Найджел покраснел от досады тем сильнее, что Чандос слушал их разговор
с обычной своей насмешливой улыбкой.
- Если ты слышал, что говорилось в суде, - сказал юноша, - то знаешь,
как скудно мое имущество. Черная Смерть и монахи совсем разорили наше
поместье. Я охотно наградил бы тебя за помощь горстью золотых, ты ведь их
просишь? Но золота у меня нет, и потому придется тебе удовольствоваться моей
благодарностью.
- На что мне твое золото! - резко сказал Эйлуорд. - Да набей ты мой
кисет золотыми монетами, мою верность тебе не купить, будь ты мне не по
сердцу. Но я видел, как ты сладил с золотистым конем, и я видел, как ты не
покорился аббату, и вот такому господину буду рад служить, коли у тебя
найдется мне место. Я видел твоих челядинцев и не спорю, в дни твоего деда
они, наверное, все были молодцы как на подбор, но кто из них теперь сумеет
натянуть тетиву длинного лука? Из-за тебя я бросил службу в аббатстве, так
где же мне искать другую? Если я останусь здесь, то мне конец, как
истершейся тетиве.
- Ну, пусть это тебя не заботит, - вмешался Чандос. - Pardieu! На
французской границе всегда есть нужда в крепких, метких лучниках, которые не
боятся и самого черта. У меня под знаменем двести таких молодцов, и буду рад
увидеть тебя между ними.
- Благодарю тебя, благородный сэр, - сказал Эйлуорд. - И я встал бы под
твое знамя без размышлений, потому как слышал, что в битвах оно всегда
впереди, а на войне, это и я знаю, тому, кто держится сзади, добычи не
видать никакой. А все же если сквайр возьмет меня, то я пойду за пятью
розами Лорингов: хоть родился я под Чичестером, но вырос в здешнем краю и
здесь научился держать в руках длинный лук. И как свободному сыну свободного
держателя, мне сподручней пойти на службу к соседу, чем к чужому.
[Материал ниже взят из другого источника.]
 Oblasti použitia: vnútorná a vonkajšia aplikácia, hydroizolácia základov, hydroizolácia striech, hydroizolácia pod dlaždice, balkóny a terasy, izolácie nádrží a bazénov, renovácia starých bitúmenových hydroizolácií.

- Я же объяснил тебе, любезный, - сказал Найджел, - что мне нечем
платить тебе за службу.
- Только возьми меня на войну, уж плату я сам раздобуду, - ответил
Эйлуорд. - А до той поры я у тебя ничего не прошу, кроме местечка за твоим
столом да шести футов твоего пола - не то мне в аббатстве заплатят за
нынешний день колодками на ноги, чтобы бичу было способней погулять по моей
спине. С этого часа Сэмкин Эйлуорд твой лучник, сквайр Найджел, и вот этими
десятью пальцами клянется, что ты об этом никогда не пожалеешь, а не то
пусть его тут же дьявол унесет! - С этими словами он поднес руку к каске,
закинул длинный лук за спину и, почтительно пропустив своего нового
господина перед собой, последовал в нескольких шагах позади.
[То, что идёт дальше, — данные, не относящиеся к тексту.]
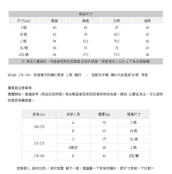 也可以詢問尺寸【商品編號及身高、體重】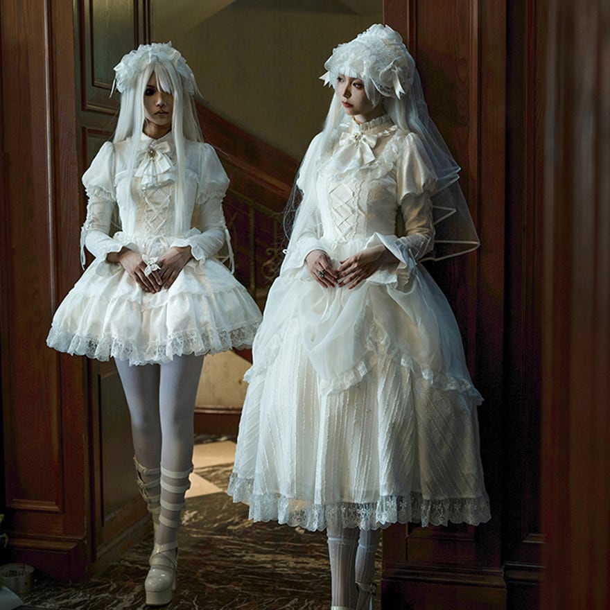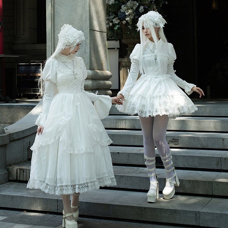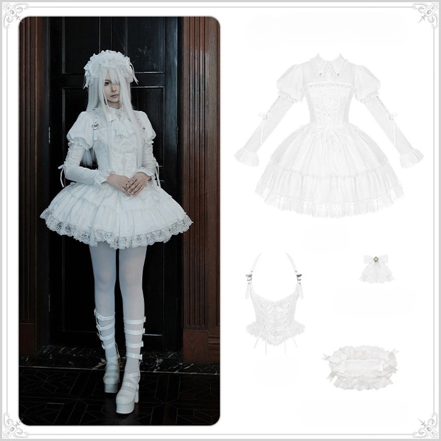 全身を穢れのない純白で統一した、クラシカルで可憐なミニ丈ワンピースセットです。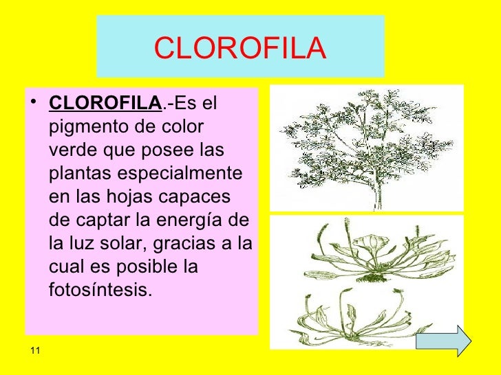La clorofila, es también llamada sangre de las plantas. Este es un químico que da el pigmento de color verde a las plantas, algas y bacterias. A través de ella se da la fotosíntesis en la vegetación y su tonalidad se produce porque las clorofilas absorben luz que se refleja luego en este tono. Es por esto que es necesario para las plantas.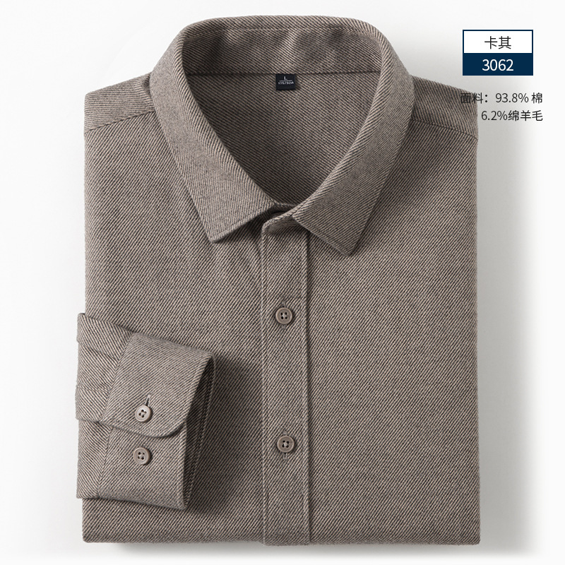 2025 가을 긴팔 셔츠 플러스 벨벳 하이 엔드 중년 비즈니스 캐주얼 코튼 셔츠 남성 공장 직접 판매 도매스토어 가기

- Pardieu! Я приехал a la bonne heure {Вовремя (франц.).}, - сказал
Чандос. - Я прискакал из Виндзора, но нашел твой дом пустым, если не считать
благородной и очень величественной старой дамы. Она поведала мне о твоих
невзгодах, я прогулялся до аббатства и успел как нельзя более кстати:
длинные стрелы для твоей плоти, колокольный звон, молитвенник и свечи для
твоей души сулили мало хорошего... Но если зрение меня не обманывает, это
сама благородная дама.
И правда, из двери господского дома им навстречу вышла леди Эрминтруда,
согбенная, исхудалая, опирающаяся на клюку, и все-таки внушающая почтение.
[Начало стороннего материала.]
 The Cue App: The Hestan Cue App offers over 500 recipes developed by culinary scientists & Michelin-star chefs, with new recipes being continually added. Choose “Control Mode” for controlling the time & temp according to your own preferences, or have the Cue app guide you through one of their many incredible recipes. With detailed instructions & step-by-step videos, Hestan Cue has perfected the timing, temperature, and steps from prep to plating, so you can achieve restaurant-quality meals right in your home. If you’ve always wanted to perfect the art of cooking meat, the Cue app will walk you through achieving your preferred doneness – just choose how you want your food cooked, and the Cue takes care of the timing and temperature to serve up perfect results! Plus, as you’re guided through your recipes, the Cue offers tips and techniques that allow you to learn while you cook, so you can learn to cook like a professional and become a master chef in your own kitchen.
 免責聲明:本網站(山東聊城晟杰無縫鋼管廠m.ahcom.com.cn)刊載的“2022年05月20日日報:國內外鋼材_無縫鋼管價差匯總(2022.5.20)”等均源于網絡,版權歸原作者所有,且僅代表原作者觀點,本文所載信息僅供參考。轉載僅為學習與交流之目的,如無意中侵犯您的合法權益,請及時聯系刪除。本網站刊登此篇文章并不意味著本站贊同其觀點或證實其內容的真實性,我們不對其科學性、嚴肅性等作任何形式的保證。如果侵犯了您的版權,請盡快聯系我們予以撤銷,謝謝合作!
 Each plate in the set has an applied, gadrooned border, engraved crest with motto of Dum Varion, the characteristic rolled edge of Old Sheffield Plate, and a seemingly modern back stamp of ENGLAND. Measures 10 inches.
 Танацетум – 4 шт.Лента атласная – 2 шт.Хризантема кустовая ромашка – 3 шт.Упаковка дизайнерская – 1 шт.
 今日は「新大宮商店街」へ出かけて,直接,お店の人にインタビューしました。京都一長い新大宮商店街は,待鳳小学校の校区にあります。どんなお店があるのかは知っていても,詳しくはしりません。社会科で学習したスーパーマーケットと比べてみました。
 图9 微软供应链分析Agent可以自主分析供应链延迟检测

Узнав о конфузе, каким завершился суд, она разразилась кудахтающим смехом,
погрозила клюкой высоким стенам аббатства за рекой и проводила именитого
гостя в залу, где его уже ждало лучшее угощение, какое она только могла
собрать. В ее собственных жилах текла кровь Чандосов, прослеживаемая через
де Греев, де Мултонов, де Валенсов, де Монтегю и прочее ее высокое и
благородное родство; во всяком случае обед был уже съеден и со стола убрано,
когда она, наконец, завершила свои розыски, обозначила все степени родства и
свойства и перечислила рассечения, столбы, косоугольники, фигуры
обремененные и не обремененные, а так же клейноды в родовых гербах,
указывающие на общих предков. Ведь леди Эрминтруда знала каждую веточку,
каждый бутон любого фамильного древа, восходящего ко времени Нормандского
завоевания да и к более ранним временам.
Однако всему наступает конец, и когда они остались в зале втроем,
Чандос сообщил ей причину своего приезда.
- Король Эдуард никогда не забывал благородного рыцаря сэра Юстеса,
твоего сына, - сказал он. - На той неделе он отправляется в Саутгемптон, и я
его гонец. Он повелел известить тебя, высокородная досточтимая дама, что
будет ехать не спеша и, побывав в Гилфорде, переночует в твоем доме.
Слушая его, леди Эрминтруда гордо порозовела, но тут же ее лицо вновь
стало бледным от горечи.
- Воистину это великая честь для дома Лорингов, - сказала она, - но ты
сам видишь, каким убогим стал наш кров, как скудно наше угощение. Королю
неизвестно, как мы обеднели, и я боюсь, не сочтет ли он нас скупыми
невежами.
Чандос поспешил рассеять ее опасения. Королевская свита сразу же
отправится дальше в замок Фарнем. Королева и ее дамы в этой поездке короля
не сопровождают. А сам король - закаленный воин и умеет быть неприхотливым.
Да и как бы то ни было, раз он известил их о своем намерении, у них нет
иного выхода, кроме как сделать все, что в их силах. В заключение Чандос со
всевозможной деликатностью сказал, что его кошелек к их услугам. Но леди
Эрминтруда уже обрела обычное спокойствие.
- Нет, любезный родич, сие не подобает, - сказала она. - Я приготовлю
для короля все, что будет мне по силам. Он же вспомнит, что Лоринги, пусть у
них больше ничего нет, всегда отдавали в его распоряжение свою жизнь и
кровь.
Чандос намеревался в этот же день заехать в замок Фарнем, а оттуда
отправиться дальше, однако изъявил желание принять в Тилфорде горячую ванну.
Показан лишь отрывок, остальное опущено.